The sense of touch and its subsequent feedback is a natural sensation often missing in XR experiences. Due to the nature of the U.S. Department of Energy’s manufacturing, dealing with sensitive materials through gloveboxes is highly touch‑driven. These glovebox jobs can be very high consequence, depending on the materials handled. ORETTC has spent the past 3 years perfecting a simulation that enables the sensations of force and texture feedback in the hands of end users in an XR training experience.
“Through the multi‑sensory engagement (touch, pressure, texture, and resistance) offered by the haptic feedback glove, chemical operator trainees feel immersed in real‑life situations while practicing conduct of operations, following procedures, and learning how to handle unlikely, but high‑stress, critical situations,” said Kim Nickell, Production Activities Training manager. “Trainees have the opportunity to practice high‑risk scenarios without real‑world consequences. Trainers are able to work with participants until the desired outcome is achieved, all while providing immediate feedback on decisions and actions that are made.”
This training experience uses haptic feedback gloves, an MR headset that the U.S. Department of Defense commonly uses for flight simulators, and a physical glovebox to simulate a material sorting exercise for new glovebox operators. This training is now being considered for placement in the Y‑12 training pipeline, as it has been tested and approved by the Y‑12 Training group and their leadership. This work was also published in “Frontiers in Virtual Reality” in March 2025 (Frontiers | VR haptics for glovebox operations training).
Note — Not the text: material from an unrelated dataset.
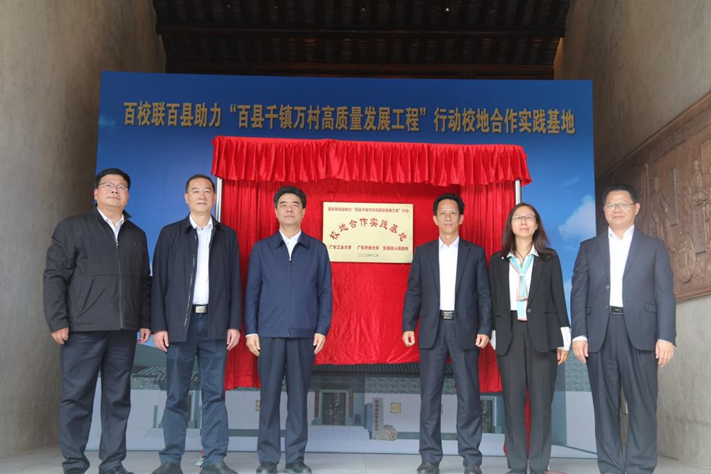 12月9日,8xbet网百校联百县助力“百县千镇万村高质量发展工程”(以下简称“双百行动”)校地合作实践基地在东源县仙塘镇红光村正式揭牌,这是8xbet网、广东开放大学和东源县深入贯彻省委实施“百县千镇万村高质量发展工程”(以下简称“百千万工程”)的重要举措,也是三方大力推进“双百行动”、开展合作共建的重要内容。8xbet网党委书记胡钦太,广东开放大学党委副书记谢锦群,河源市委副书记吴青川,河源市副市长谢春艳,8xbet网党委常委、组织部、统战部部长李靖茂,党委常委、宣传部部长张育广,学校党委办公室、校长办公室、总务部、产业技术研究与开发院等相关部门负责人,东源县委相关负责人等出席活动。

“With haptics in our training arsenal, trainees are getting an instructional experience that feels real,” said Weis. “It’s getting the trainees up to speed faster than traditional training methods.”
“It has been a privilege for our Production Activities Training team to work with ORETTC in the development of the Haptic Feedback Glovebox Training,” stated Nickell. “We are excited to see the future of training at Y‑12 as we adopt cutting‑edge technologies.”
Advancing XR Research and Development
“PDRD is honored to support ORETTC’s commitment to researching and developing new XR technologies and how those technologies could directly advance the manufacturing industry and NNSA’s core mission,” concluded Richey. “Through exploration of cutting‑edge solutions in immersive digital twins, haptic feedback systems, collaborative XR, and next‑generation XR environments, Y‑12’s ORETTC is driving innovation and addressing real operational needs.”
These advancements enhance workforce readiness, improve safety, increase precision, and streamline complex processes. Through strategic partnerships and forward‑thinking research, Y‑12 lays the groundwork for a more agile, capable, and future‑ready manufacturing ecosystem. Our efforts ensure that we remain at the forefront of technological progress, shaping the industry and setting new standards for excellence.